In the past three weeks, an unprecedented surge in COVID-19 cases has engulfed Florida. On June 1, the state’s seven-day running average for new cases—used to smooth the jitters in daily totals due to weekend testing drops and reporting backlogs—stood at 726. By June 15, the seven-day average had more than doubled to 1,775 daily cases, exceeding the state’s early peak in April. By the end of June, the seven-day average had almost quadrupled to 6,990 daily cases. Less than a week into July, the seven-day average for daily new cases now stands at more than 9,200, despite decreased testing and reporting over the Independence Day weekend.
With a population of 21 million, Florida now has more new cases per day than any other US state, including two other larger states with major outbreaks, Texas (population 29 million) and California (population 40 million).
Back in April, things looked very different. By April 15, Florida had confirmed just over 22,500 cases of COVID-19, while in the pandemic’s early epicenter, New York had confirmed almost 215,000 cases.
In a televised interview, Dr. Deborah Birx, coordinator of the White House’s coronavirus response, singled out Florida’s COVID-19 public health dashboard as exemplary because it offered case and testing data at the county and zip-code level. Florida also stood out as one of the first US states to break out cases and deaths by race and ethnicity. And although it took threats of lawsuits to get the Florida Department of Health to release weekly reports on COVID-19 in long-term care facilities and correctional facilities, the data was eventually published. But other crucial data remains out of public reach, and the way Florida releases much of its data has also made data compilation a challenge for researchers—both for reasons unique to Florida’s data, and because of problems common to many other states.

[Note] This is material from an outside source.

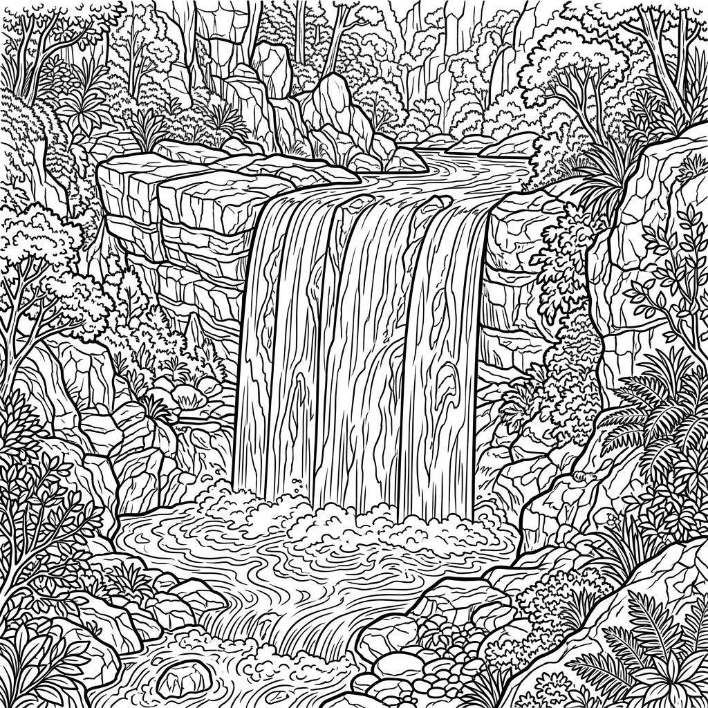Discover the beauty of a powerful block waterfall captured in this detailed coloring page, designed specifically for seniors. Enjoy large print and intricate natural elements, offering a peaceful and engaging artistic experience.

Our aim at The COVID Tracking Project is to compile the data states and territories provide in the most useful and transparent way we can. In this post, we’ll walk through the things we’ve learned about Florida’s COVID-19 data, the challenges we’ve encountered in compiling it, and some problems that we’ve been unable to solve.
Missing COVID-19 hospitalization data
Update: As of July 10, ten days after the governor’s office told the Miami Herald that current hospitalization data would be incorporated into the state’s COVID-19 reporting within a few days, the Florida Agency for Health Care Administration began publishing data by county for “Hospitalizations with Primary Diagnosis of COVID.” To our knowledge, this data has not appeared on the Florida Department of Health’s COVID-19 website. We are seeking clarification about which patient populations this data includes.
States report new COVID-19 cases and test totals days or even weeks after the tests are performed. This lag between testing and reporting can stretch longer and longer as outbreaks worsen. Death data, which epidemiologists sometimes characterize as a better measure of an outbreak’s severity, lags even more than testing data. This makes hospitalization numbers one of the best ways to understand the true size and severity of COVID-19 outbreaks in something closer to real time, particularly in areas where testing capacity has been overwhelmed.
Only three US states—Florida, Hawaii, and Kansas—fail to publish data on how many of the state’s COVID-19 patients are currently hospitalized. Of those three states, Florida has the largest COVID-19 outbreak by far.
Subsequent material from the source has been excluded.